From: Jinjiang Tu <tujinjiang@huawei.com>
To: <osalvador@suse.de>, <david@redhat.com>,
<akpm@linux-foundation.org>, <muchun.song@linux.dev>
Cc: <linux-mm@kvack.org>, <wangkefeng.wang@huawei.com>,
<tujinjiang@huawei.com>
Subject: [PATCH v3] mm/hugetlb: fix set_max_huge_pages() when there are surplus pages
Date: Mon, 7 Apr 2025 20:47:06 +0800 [thread overview]
Message-ID: <20250407124706.2688092-1-tujinjiang@huawei.com> (raw)
In set_max_huge_pages(), min_count should mean the acquired persistent
huge pages, but it contains surplus huge pages. It will leads to failing
to freeing free huge pages for a Node.
Steps to reproduce:
1) create 5 hugetlb folios in Node0
2) run a program to use all the hugetlb folios
3) echo 0 > nr_hugepages for Node0 to free the hugetlb folios. Thus the 5
hugetlb folios in Node0 are accounted as surplus.

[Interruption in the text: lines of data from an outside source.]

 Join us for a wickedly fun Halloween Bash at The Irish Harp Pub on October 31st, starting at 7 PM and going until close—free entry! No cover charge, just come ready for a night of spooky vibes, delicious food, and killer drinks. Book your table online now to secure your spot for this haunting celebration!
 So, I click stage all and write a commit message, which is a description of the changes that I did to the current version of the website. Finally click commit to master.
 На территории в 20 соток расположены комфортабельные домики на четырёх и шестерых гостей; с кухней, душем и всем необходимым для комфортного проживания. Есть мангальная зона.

4) create 5 hugetlb folios in Node1
5) echo 0 > nr_hugepages for Node1 to free the hugetlb folios
The result:
Node0 Node1
Total 5 5
Free 0 5
Surp 5 5
We couldn't subtract surplus_huge_pages from min_mount, since free hugetlb
folios may be surplus due to HVO. In __update_and_free_hugetlb_folio(),
hugetlb_vmemmap_restore_folio() may fail, add the folio back to pool and
treat it as surplus. If we directly subtract surplus_huge_pages from
min_mount, some free folios will be subtracted twice.
To fix it, check if count is less than the num of free huge pages that
could be destroyed (i.e., available_huge_pages(h)), and remove hugetlb
folios if so.
Since there may exist free surplus hugetlb folios, we should remove
surplus folios first to make surplus count correct.

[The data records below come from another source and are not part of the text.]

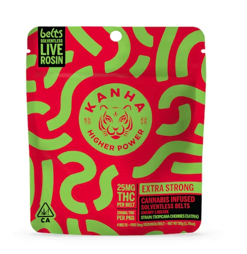 Zing into action with our Cherry Limeade Belts, a punchy Sativa blend crafted for the thrill-seekers. Made with Tropicana Cookies solventless live rosin for a zesty, cerebral effect.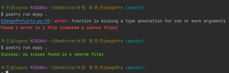 poetry run mypy . #모든파일에 mypy 실행한다.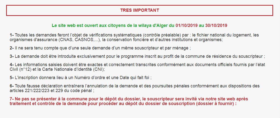 وانطلقت التسجيلات، بداية من 1 أكتوبر على أن تتواصل إلى غاية 30 من نفس الشهر، عبرالرابط http://lpa.wilaya-alger.dz/.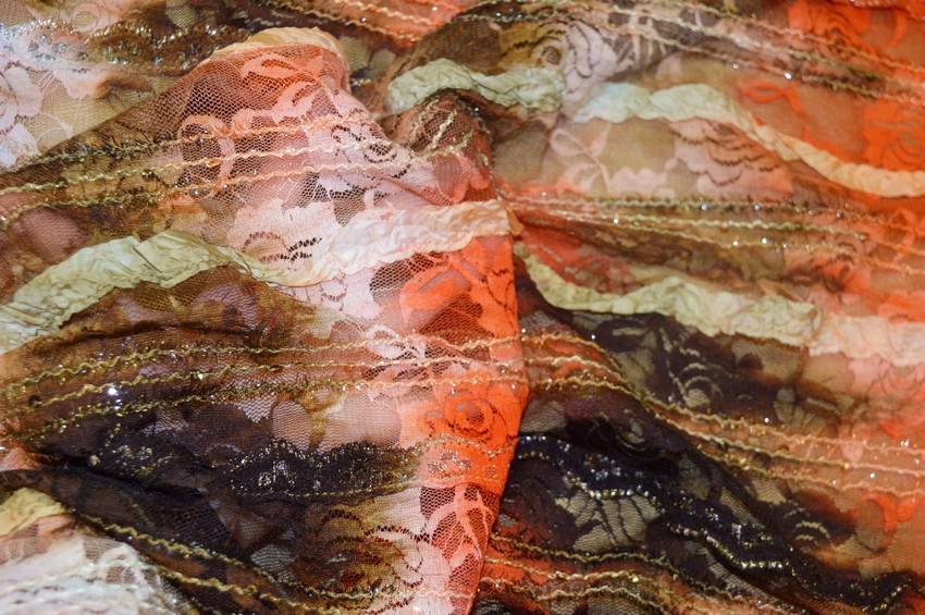 Tessuto con base in pizzo dall'aspetto semicoprente e luminoso grazie ai sottili fili lurex in trama. Il fondo ricamato viene impreziosito su tutta la lunghezza da graziose balze distanti 9 cm l'una dall'altra. Vi sono inoltre sfumature dal marrone all'arancio che donano originalità e carattere alla stoffa rendendola un pezzo unico. Grazie alla sua pesantezza medio-leggera si presta in modo ottimale alla realizzazione di top, abitini ed abbigliamento vario.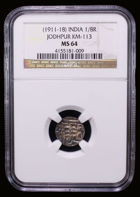 JODHPUR: Sumer Singh, 1911-1918, AR 1/8 rupee, ND, NGC MS63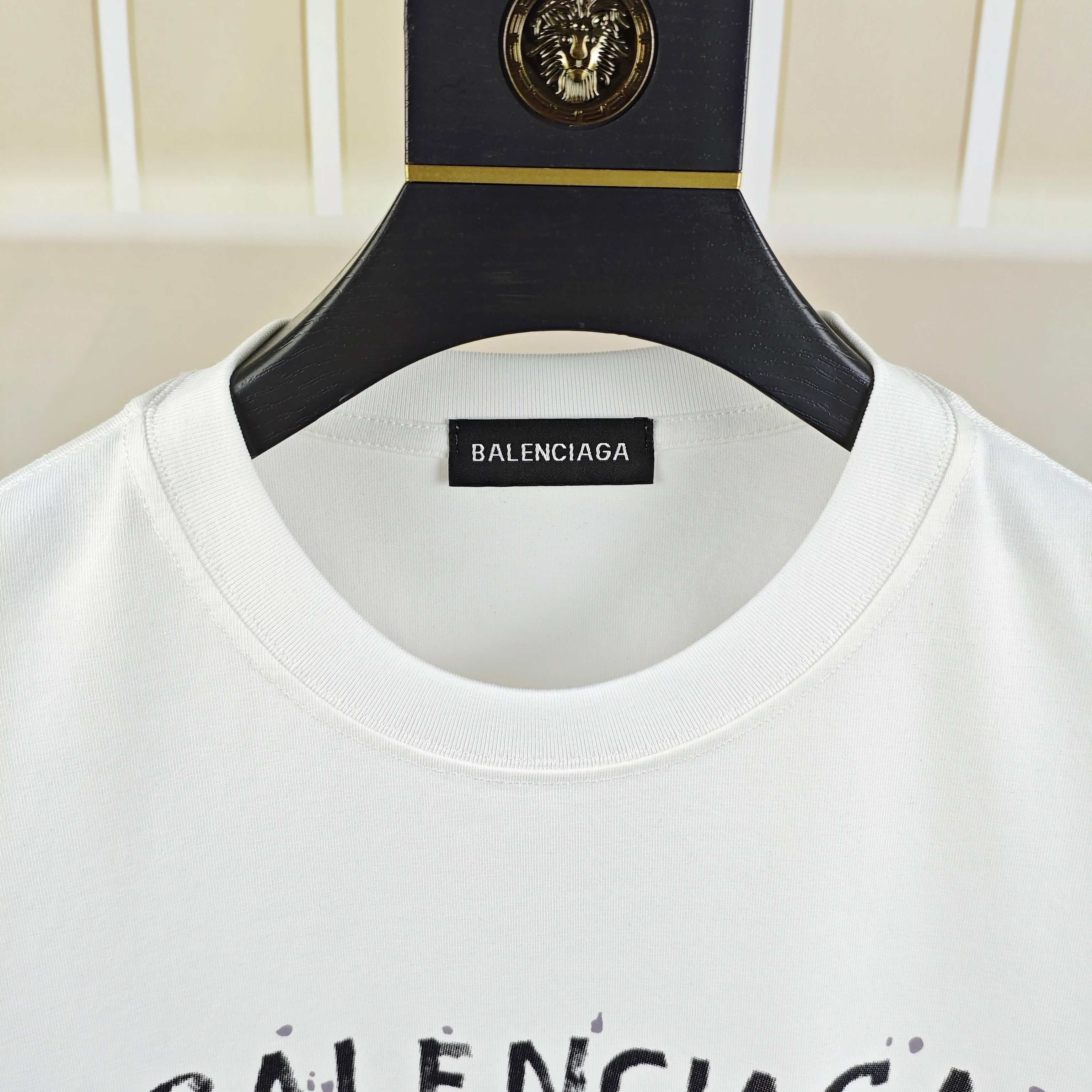 Tags: Balenciaga T-Shirt, Cotton Logo Tee, Designer Men's T-Shirt, Mens Short Sleeve T-Shirt, White Graphic T-Shirt

The result with this patch:
Node0 Node1
Total 5 0
Free 0 0
Surp 5 0
Fixes: 9a30523066cd ("hugetlb: add per node hstate attributes")
Signed-off-by: Jinjiang Tu <tujinjiang@huawei.com>
---
Changelog since v2:
* Fix this issue by calculating free surplus count, and add comments,
suggested by Oscar Salvador
mm/hugetlb.c | 19 ++++++++++++++++++-
1 file changed, 18 insertions(+), 1 deletion(-)
diff --git a/mm/hugetlb.c b/mm/hugetlb.c
index 39f92aad7bd1..e4aed3557339 100644
--- a/mm/hugetlb.c
+++ b/mm/hugetlb.c
@@ -3825,6 +3825,7 @@ static int adjust_pool_surplus(struct hstate *h, nodemask_t *nodes_allowed,
static int set_max_huge_pages(struct hstate *h, unsigned long count, int nid,
nodemask_t *nodes_allowed)
{
+ unsigned long persistent_free_count;
unsigned long min_count;
unsigned long allocated;
struct folio *folio;
@@ -3959,8 +3960,24 @@ static int set_max_huge_pages(struct hstate *h, unsigned long count, int nid,
* though, we'll note that we're not allowed to exceed surplus
* and won't grow the pool anywhere else. Not until one of the
* sysctls are changed, or the surplus pages go out of use.
+ *
+ * min_count is the expected number of persistent pages, we
+ * shouldn't calculate min_count by using
+ * resv_huge_pages + persistent_huge_pages() - free_huge_pages,
+ * because there may exist free surplus huge pages, and this will
+ * lead to subtracting twice. Free surplus huge pages come from HVO
+ * failing to restore vmemmap, see comments in the callers of
+ * hugetlb_vmemmap_restore_folio(). Thus, we should calculate
+ * persistent free count first.
*/
- min_count = h->resv_huge_pages + h->nr_huge_pages - h->free_huge_pages;
+ persistent_free_count = h->free_huge_pages;
+ if (h->free_huge_pages > persistent_huge_pages(h)) {
+ if (h->free_huge_pages > h->surplus_huge_pages)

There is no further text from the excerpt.